Moi, j’ai su que le repas venait de basculer.

« Allez, Camille », a lancé Julien, assez fort pour que deux tables se retournent.

Il a levé sa bière vers moi comme s’il lançait un toast.

« Dis-nous ton petit indicatif. Tous les vrais opérateurs en ont un, non ? »

J’ai regardé l’homme assis à côté de lui.

L’adjudant-chef Moreau ne bougeait plus.

Pas amusé.

Pas gêné.

Il était devenu immobile, les épaules carrées, la nuque raide, avec ce silence particulier des hommes qui ont compris une chose avant tout le monde et qui attendent que le reste de la pièce les rattrape.

Julien n’a rien vu.

Julien ne voyait jamais ce qui ne portait pas son uniforme, son grade, son nom, ou son besoin d’être le centre de la table.

Il s’est renversé sur sa chaise, son tee-shirt beige tendu sur le torse, ses plaques militaires sorties volontairement sous le col comme un bijou.

Sa femme, Manon, avait déjà ce sourire serré qu’elle prenait quand elle voulait avoir l’air innocente tout en ne ratant aucune humiliation.

Ma mère, elle, a posé son couteau.

Mon père a gardé les yeux sur son assiette, là où une miette de pain s’était collée près de son verre.

« Julien », a murmuré ma mère, « ça suffit. »

Il ne l’a même pas regardée.

« Vas-y », a-t-il insisté. « Dis à mon adjudant-chef ce que l’armée de l’Air t’a donné. Princesse Nuage ? Lapine de bureau ? Barbie clavier ? »

Manon a porté sa main à sa bouche.

Elle voulait qu’on croie qu’elle retenait un rire par politesse.
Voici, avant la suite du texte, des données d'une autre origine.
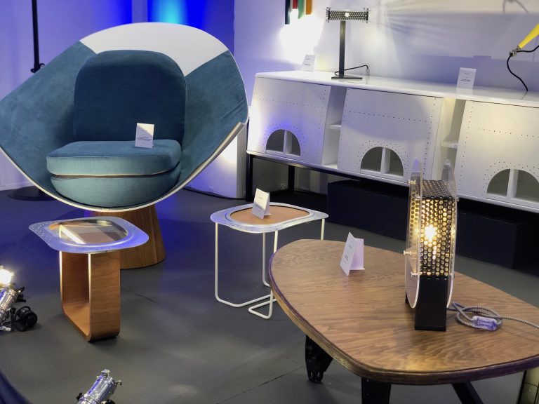 Pour cette première collection, « A Piece of Sky » a rassemblé un pool de designers et d’artisans qui pour 2019 a réuni onze talents. Chacun a travaillé à sa manière sur le projet, mais ils partagent tous des valeurs d’engagement propres à leur époque. Dans ce collectif on retrouve : Christelle Doutey, Bertrand Marc du site Lilou in the Wood, Fabien Puginier fondateur de Brut Design et Faustine Milard, l’ébéniste designer Jeremy Grondin, l’agence de design et d’architecture d’intérieure Prémices and Co, Flavie Thievenaz, Christian Grisinger et Erik Akopyan d’Initiatives Solidaires, acteurs de l’économie sociale et solidaire, et la manufacture de mobilier, Maximum Paris. Grâce à eux, douze pièces au design original ont vu le jour. Parmi elles, on découvre le fauteuil Radôme de Christelle Doutey, la coiffeuse intelligente de Bertrand Marc et Flavie Thievenaz, des petites tables basses signées Christelle Doutey, des bielles suspendues de Premices and Co, des étagères Premices and Co, réalisées par Jérémy Grondin, des étagères en carbone Aéronautique par Maximum Paris, des lampes Initiatives Solidaires, des tables signées Bertrand Marc, des chaises de Fabien Puginier, un buffet Flavie Thievenaz et Bertrand Marc, et pour finir, une série de lampes Bertrand Marc. Certaines pièces sont uniques, d’autres réalisables en série, mais il y a de quoi largement meubler plusieurs intérieurs. Cette démarche avant tout artistique est aussi une manière intelligente de revaloriser le patrimoine industriel d’Airbus et de s’inscrire dans une démarche d’économie circulaire, indispensable aujourd’hui. Une initiative qui permettra de réutiliser entre 5 et 10 avions en 2019, soit 2000 pièces, pour une livraison prévue en Janvier 2020.
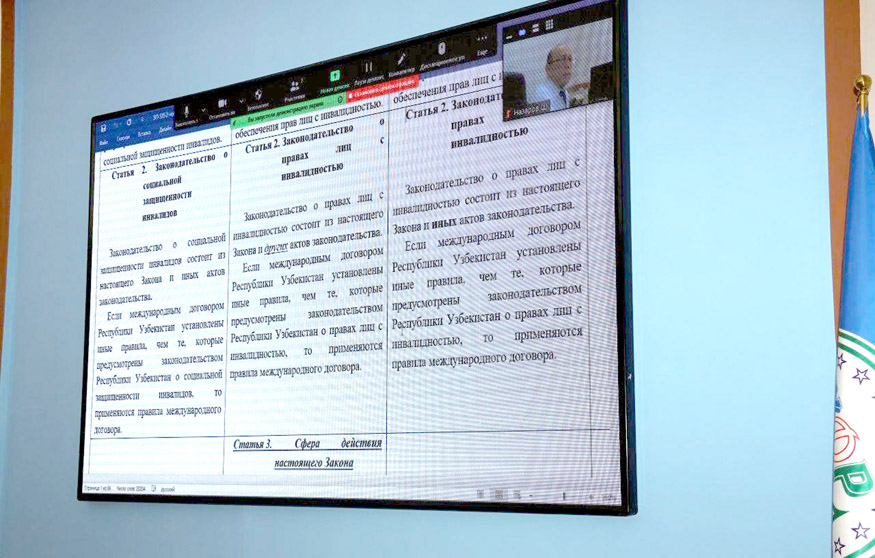 Парламент қуйи палатасидаги Ўзбекистон ХДП фракцияси аъзолари видеомулоқот шаклидаги йиғилишда “Ногиронлиги бўлган шахсларнинг ҳуқуқлари тўғрисида”ги қонуни лойиҳасини моддама-модда кўриб чиқмоқда.
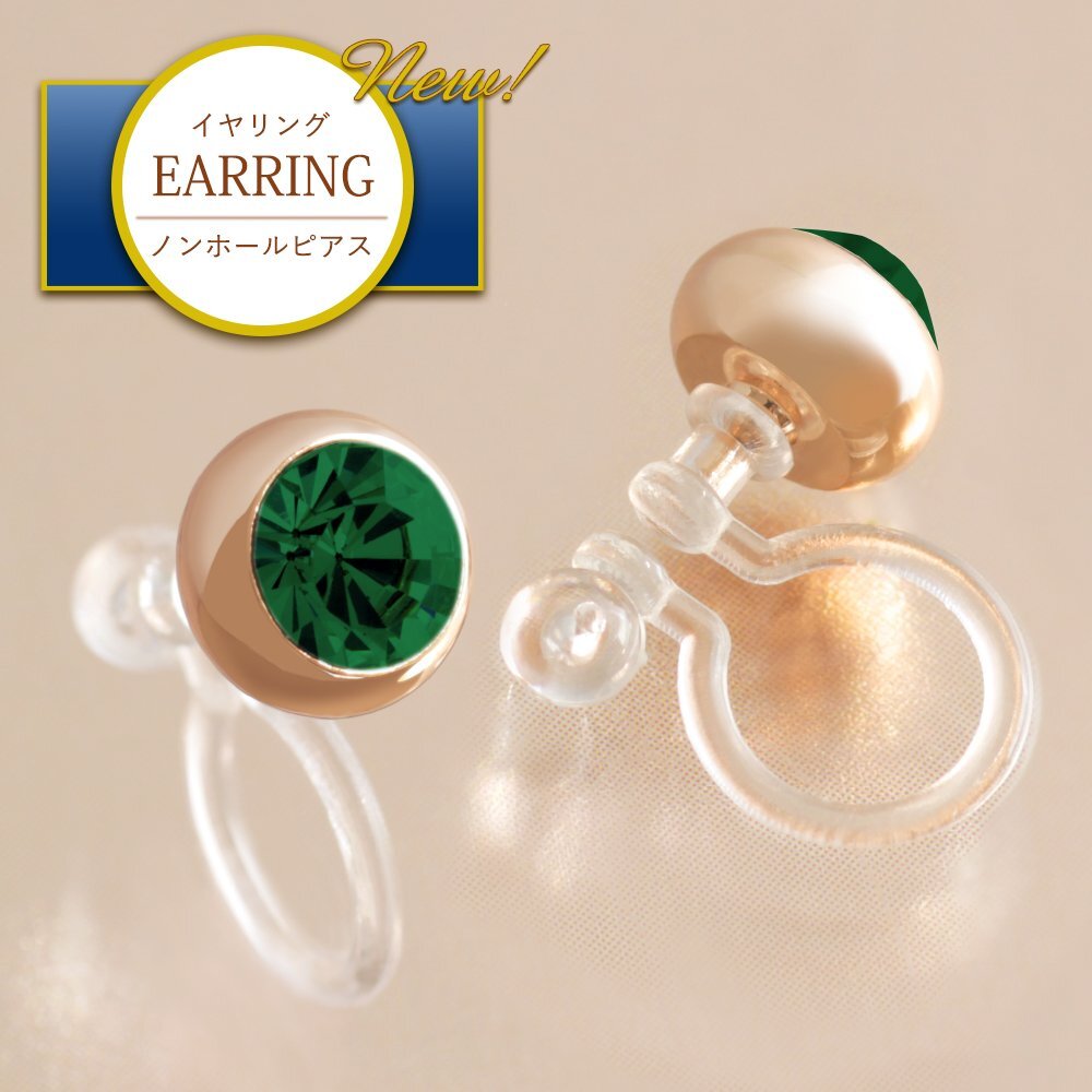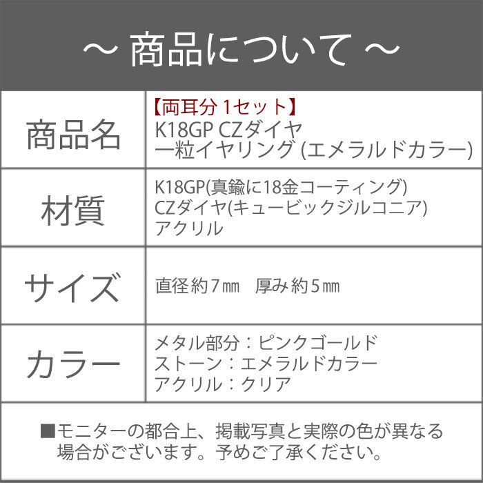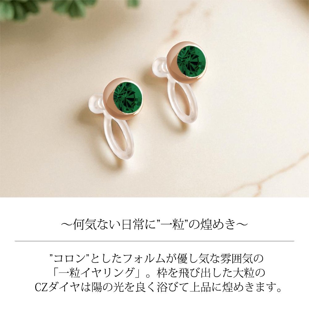新品/イヤリング/K18GP/レディース/エメラルド/カラー/一粒/ダイヤ/CZ/18金/18kコーティング/ピンクゴールド/小ぶり/樹脂/金属アレルギー
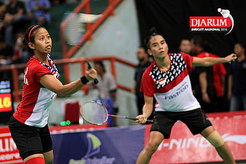 Dian Fitriani/Nadya Melati (Pertamina Fastron) menghadang serangan
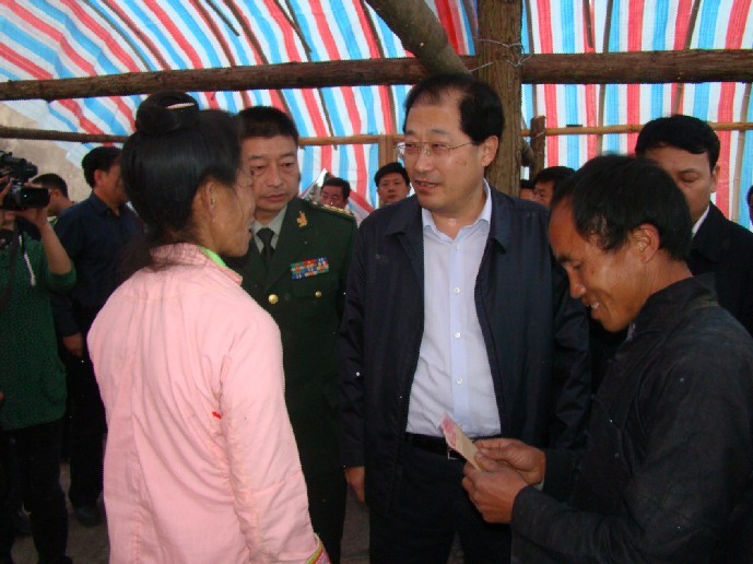 11月9日,省人民政府副省長辛維光在副州長姜學(xué)東的陪同下來到八開鄉(xiāng)高同村看望慰問受災(zāi)群眾,檢查指導(dǎo)災(zāi)后重建工作,并為受災(zāi)群眾送去了慰問品和慰問金,使受災(zāi)群眾感受到黨的溫暖,政府的關(guān)懷。
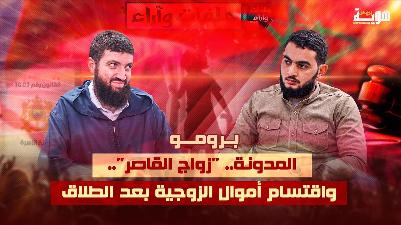 شاهد.. برومـو: المدونة .. “زواج القاصـ ـر” .. واقتسام أموال الزوجية بعد الطلاق (ملفات وآراء) (هوية بريس) 22 نوفمبر 2023 20:27
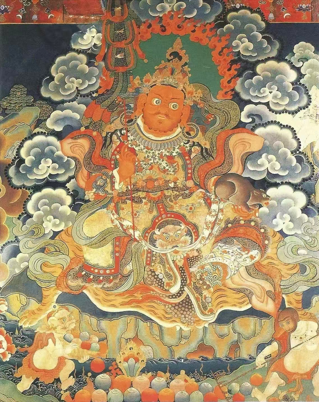 爬上台阶,来到白宫的门廊,门廊悬挂的黑色帘子,是用牦牛的毛编织的,门廊的四周是精美的壁画,而它们的原材料是绿松石、珍珠、红玛瑙等天然矿物质所构成的,四周的壁画是四大天王,这些壁画历经数百年岁月,依然色彩鲜艳、线条清晰。
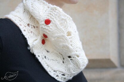 This cowl is inspired by the fairy tale “die Gänsemagd” or “[the goose girl][2]”. In this the eponymous heroine is a princess who is send to a different country to get married. Her mother gives her a kerchief with three drops of blood to identify herself. Thanks to her evil maid she drops said kerchief into a river and later becomes the goose girl as she can't prove she's the real princess.
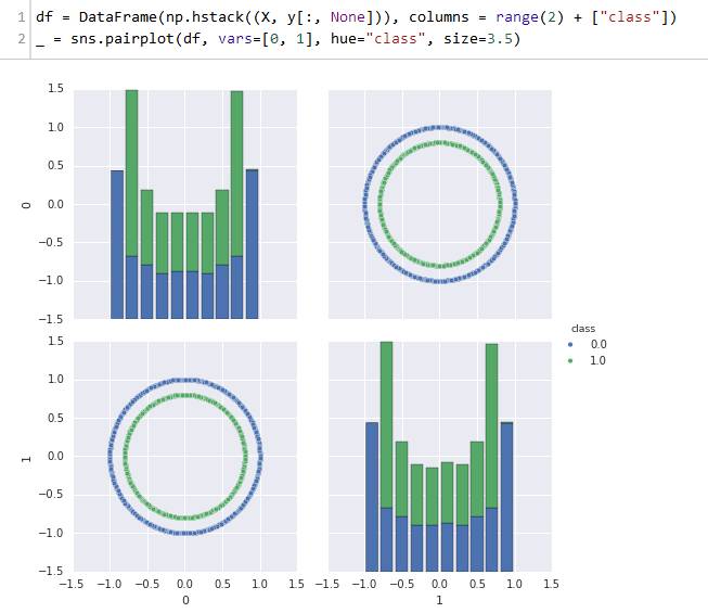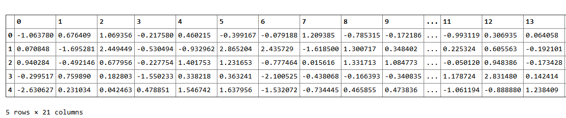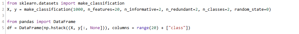 注意到我们为二分类生成了一个数据集,这个数据集包括1000个数据点,每个特征20维。我们已经使用pandas的DataFrame类把数据和类别封装到一个共同的数据结构中。通过直接查看原始特征值,我们很难获得该问题的任何线索,即使在这个低维的例子中。因此,有很多的提供数据的更容易视图的方法;其中的小部分将在接下来的部分中讨论。
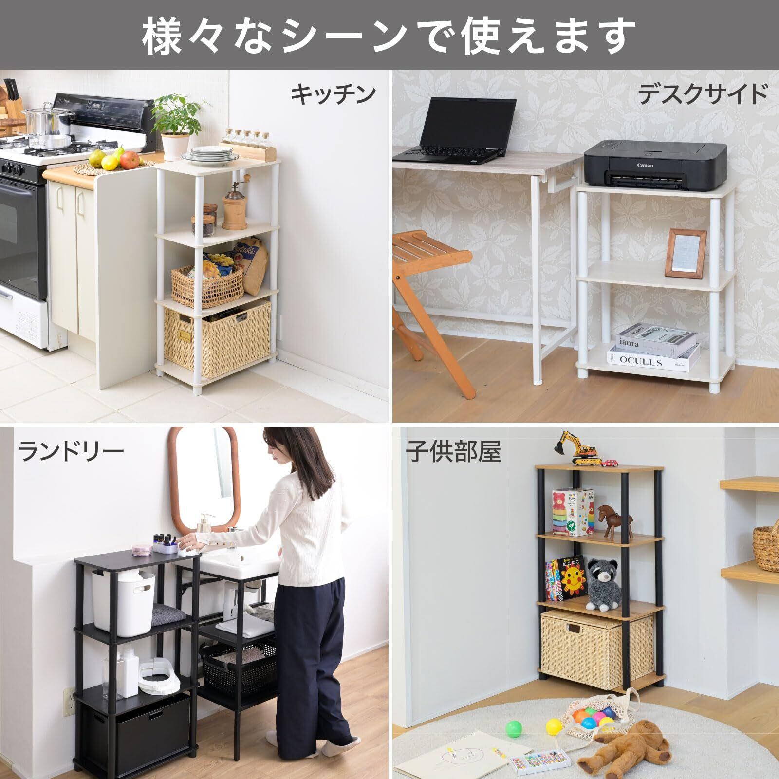 ●サイズ(約) : 幅47×奥行27×高さ92cm●構造部材 : 支柱/ポリエチレン・ポリプロピレン●甲板の表面材 : プリント紙化粧パーティクルボード●耐荷重:全体 32kg(天板8kg、棚板1枚あたり 8kg)●東証プライム(株)山善で扱うすべての山善商品は、自社もしくは第三者機関において、JIS規格に基づいた品質試験を行っております。
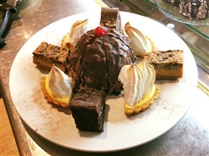 Main meals include pizza, burgers, stir fry, Kessler chops, rump steak and bobotie. The creamy chicken livers are highly recommended. For those who have a sweet tooth, there are freshly made desserts including Oreo brownies and the signature 'magic bars', which are made with crushed biscuit base, caramel, chocolate and coconut.
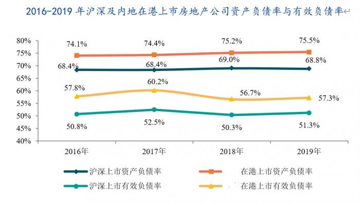 负债率方面,沪深上市资产负债率均值同比下降0.2个百分点至68.8%,内地在港上市房地产公司资产负债率均值同比上升0.3个百分点至75.5%。2019年,通过过去两年对现金流的严格把控房地产上市公司手持现金及现金等价物情况得到明显改善。其中,内地在港现金及现金等价物净增加额均值同比增加13.8%至60.5亿元,沪深上市房地产公司均值为22.1亿元,同比提升16.8%。
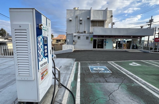 (株)豊田自動織機製3.2kW器です。店舗敷地入りすぐ右手R1沿いに設置されてます。営業時間内で使用可能です。
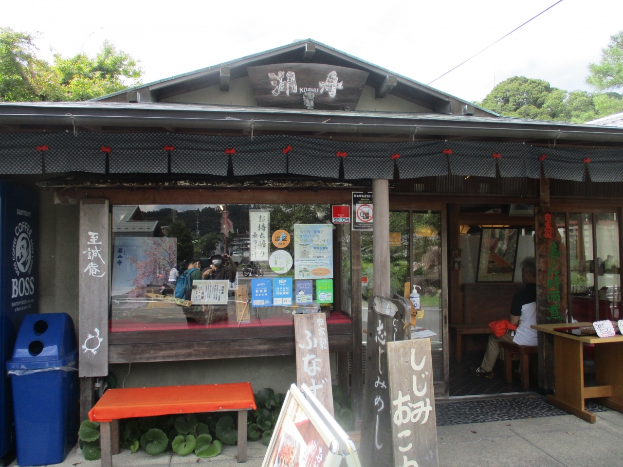 石山寺の門前にある、名物のしじみ釜めしや炭火焼きうなぎなどがいただけるレストランです。茶屋のような雰囲気です。最初こちらで昼食をとろうと思いましたが、お客さんがいっぱいでした。店頭でしじみおこわのパックが販売されていて、後で買おうかなと思ったのですが、後で訪れるともう品切れでした。先に買っておけばよかったです。

Je savais qu’elle le savourait.

Personne n’a rien dit.

C’était le vrai décor de notre famille, plus que la terrasse, plus que le pain, plus que le bruit des autres tables.

Le vrai décor, c’était le silence qui se formait toujours autour de Julien pour ne pas le contrarier.

Il avait toujours été comme ça.

Quand nous étions adolescents, il me poussait contre les casiers du lycée en disant qu’il m’endurcissait.